Originally Posted By: hybrid8
Now if you wanted to say that the Nintendo Wii, DS or Sony Playstations are closed I might be inclined to agree with you.

Aw man, I was going to ditch this conversation but I should have figured I couldn't.

I'm tired of people comparing development for Apple with development for the console video game market. They talked about this on Buzz Out Loud a week ago, and had a game developer write in about how it was just as difficult to develop for console companies, and how they'll reject your app for the tiniest little errors like forgetting to capitalize something.

I consequently wrote them an email that they read on the air.
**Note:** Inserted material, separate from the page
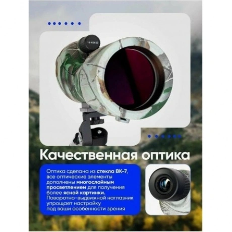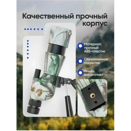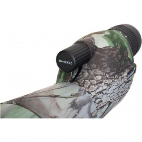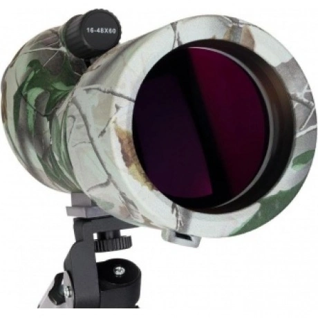 Зрительная труба Levenhuk Camo Rind 60 – надежный и функциональный оптический инструмент для наземных наблюдений. Она идеально подойдет для охоты и изучения городских ландшафтов. Модель не имеет излома оптической оси – можно вести наблюдения сверху вниз, например, с крыши здания или с края обрыва. Труба укомплектована миниатюрным штативом из металла, который оснащен удобной ручкой наведения. Элементы оптической схемы изготовлены из стекла BK-7, линзы покрыты просветляющим составом. Прибор обладает изменяемым увеличением в пределах от 16x до 48x, регулировка кратности производится быстро и удобно – с помощью специального кольца на окуляре. Здесь есть поворотно-выдвижной наглазник, положение которого можно регулировать. Корпус Levenhuk Camo Rind 60 сделан из ABS-пластика – материала, который отличается высокой прочностью. Внешнее резиновое покрытие выполняет сразу две функции: уменьшает скольжение прибора в руках и предохраняет его от пыли и капель воды. Благодаря камуфляжной расцветке пользователь будет надежно замаскирован среди лесной растительности.

My argument (and I'm paraphrasing my email) was that this developer was complaining about the stringency of the requirements the game studios placed upon him, but from what he said himself, he knows those rules up front, and if he does things correctly they game will get through.
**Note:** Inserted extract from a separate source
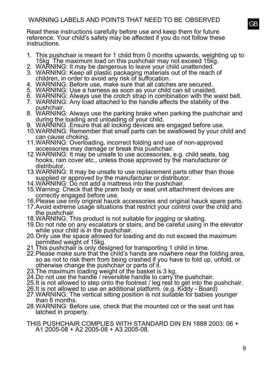 1. This pushchair is meant for 1 child from 0 months upwards, weighting up to 15kg The maximum load on this pushchair may not exceed 15kg. 2. WARNING: It may be dangerous to leave your child unattended. 3. WARNING: Keep all plastic packaging materials out of the reach of children, in order to avoid any risk of suffocation. 4. WARNING: Before use, make sure that all catches are secured. 5. WARNING: Use a harness as soon as your child can sit unaided. 6. WARNING: Always use the crotch strap in combination with the waist belt. 7. WARNING: Any load attached to the handle affects the stability of the pushchair. 8. WARNING: Always use the parking brake when parking the pushchair and during the loading and unloading of your child. 9. WARNING .Ensure that all locking devices are engaged before use. 10.WARNING: Remember that small parts can be swallowed by your child and can cause choking. 11.WARNING: Overloading, incorrect folding and use of non-approved accessories may damage or break this pushchair. 12.WARNING: It may be unsafe to use accessories, e.g. child seats, bag hooks, rain cover etc., unless those approved by the manufacturer or distributor. 13.WARNING: It may be unsafe to use replacement parts other than those supplied or approved by the manufacturer or distributor. 14.WARNING: Do not add a mattress into the pushchair. 15.Warning: Check that the pram body or seat unit attachment devices are correctly engaged before use. 16.Please use only original hauck accessories and original hauck spare parts. 17.Avoid extreme usage situations that restrict your control over the child and the pushchair. 18.WARNING: This product is not suitable for jogging or skating. 19.Do not ride on any escalators or stairs, and be careful using in the elevator while your child is in the pushchair. 20.Only use the space allowed for loading and do not exceed the maximum permitted weight of 15kg. 21.This pushchair is only designed for transporting 1 child in time. 22.Please make sure that the child’s hands are nowhere near the folding area, so as not to risk them from being crashed if you have to fold up, unfold, or otherwise change the pushchair or parts of it. 23. The maximum loading weight of the basket is 3 kg. 24.Do not use the handle / reversible handle to carry the pushchair. 25.It is not allowed to step onto the footrest / leg rest to get into the pushchair. 26.It is not allowed to use an additional platform. (e.g. Kiddy - Board) 27.WARNING: The vertical sitting position is not suitable for babies younger than 6 months. 28.WARNING: Before use, check that the mounted cot or the seat unit has latched in properly. THIS PUSHCHAIR COMPLIES WITH STANDARD DIN EN 1888 2003: 06 + A1 2005-08 + A2 2005-08 + A3 2005-08. 9

The complaint about the App Store is that the approval department is capricious at best. The least of the problems is that you don't know whether your app will be approved while you're developing it. Your app can get approved, you start making money on it, and then get removed later on. The latest was that app that taught kids how to program. To be honest, I agreed with their reasons for not allowing it in the store, because it plainly violated their rules, but it shouldn't have been approved to begin with.
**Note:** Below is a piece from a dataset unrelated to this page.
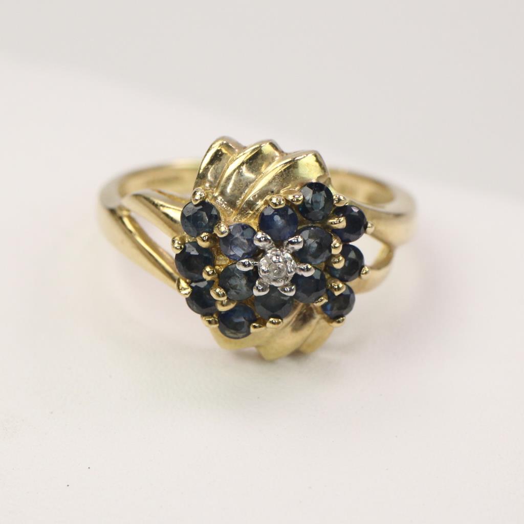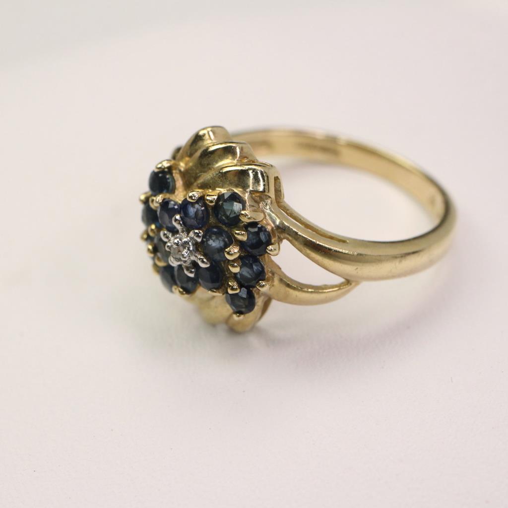10k Gold Diamond Blue Stone Ring

So the primary reason the comparison between App Store approval and game company approval is completely inaccurate is that I've never heard of a game being pulled off every single store shelf because Nintendo, Sony, Microsoft, Sega, Atari, etc determined after the fact that they didn't like something about it. If it's happened, I'd wager you could count the number of titles on one hand, whereas Apple has pulled hundreds of apps in this manner.

Crap, that was way more time than I wanted to devote to this nonsense. This argument is tiring. I like the iPhone as a product, and the App Store was a brilliant innovation in the world of mobile communication and devices. That doesn't change the fact that Apple's approval process is terrible, and anyone developing for them now has no excuse to be upset if something Apple does completely disrupts their business.